The Government of India will notify the rules for recently passed Digital Personal Data Protection Act (DPDP Act) and the Data Protection Board will be constituted in the next 30 days, Union Minister for State for Skill Development & Entrepreneurship and Electronics & IT Rajeev Chandrashekhar said.
Speaking at the first Digital India Dialogue discussions with key stakeholders from the industry for the DPDP Act, Chandrashekhar said the primary purpose of this law is to guarantee the trust and safety of all digital nagriks, emphasising that all data fiduciaries must adhere to the law. He further assured that the Government is open to considering valid arguments for extending the compliance period when accompanied by compelling reasons.

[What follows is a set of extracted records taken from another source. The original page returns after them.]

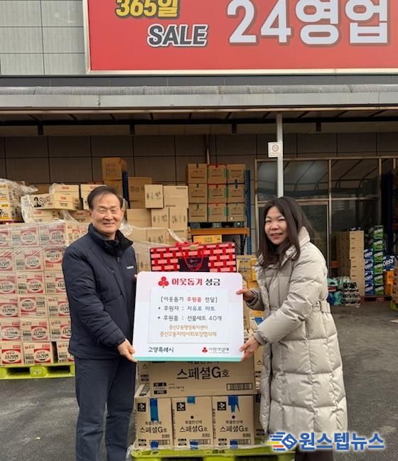 원스텝뉴스 이병희 기자 | 고양특례시 일산동구 중산2동은 ‘자유로마트 중산점’이 설 명절을 맞아 선물세트 40개를 기부하며 이웃사랑을 실천했다고 27일 밝혔다.
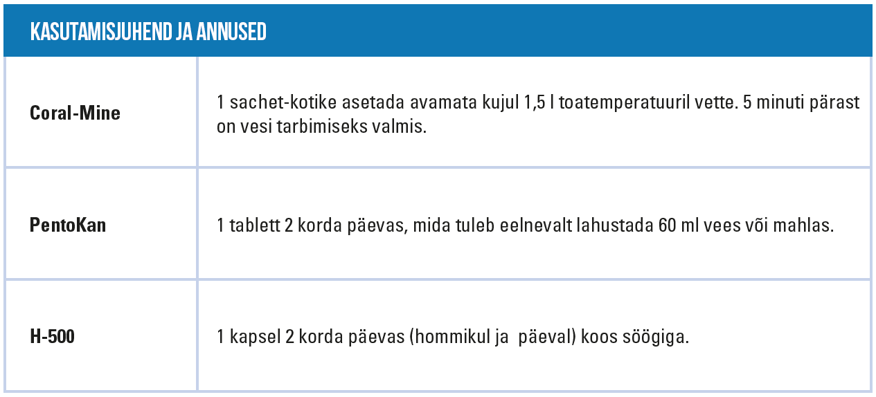 - programmi läbimise ajal on soovitatav juua päevas vähemalt 1,5 l Coral-Mine kompositsiooniga vett;
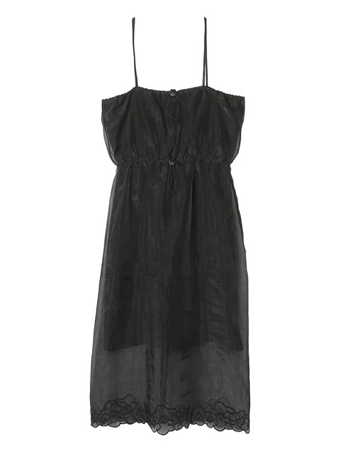 black spaghetti straps drawstring fastening scalloped hem button detail sheer finish
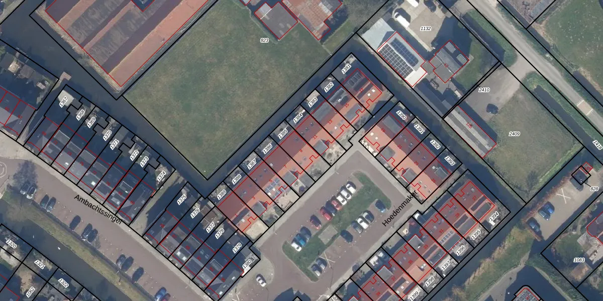 Het perceel waarop Hoedenmaker 9 staat heeft een oppervlakte van 158 m². Dit is een middelgroot perceel. De perceeloppervlakte wordt geregistreerd door het Kadaster. Gedetailleerde informatie over de maten van dit perceel kunt u vinden in het rapport Kadastrale kaart met maatvoering van Hoedenmaker 9.

Chandrashekhar added that establishments like hospitals and certain businesses like startups and MSMEs that handle people’s data do not have experience in handling data like bigger fiduciaries and hence, might get more time to adhere to these rules.
Talking about the companies who already follow GDPR (European Union’s General Data Protection Regulation), he said that they shouldn’t ask for an extension to implement rules under the DPDP Act. “We are now in the phase of implementing these rules, and it should happen smoothly and quickly. The goal is to create a culture of trust, a behavioural change among all who deal with personal data and create the change required to make them do it responsibly and in alignment with the trust that the data principle has agreed to. This is a deterrent act, it is supposed to create good behaviour,” the Minister added.
The discussion was on the transition time needed for specific clauses of the DPDP Act and to seek specific inputs from stakeholders on the implementation. More than 100 diverse range of stakeholders of the technology ecosystem including industry associations, startups, IT professionals, think tanks and lawyers attended the session.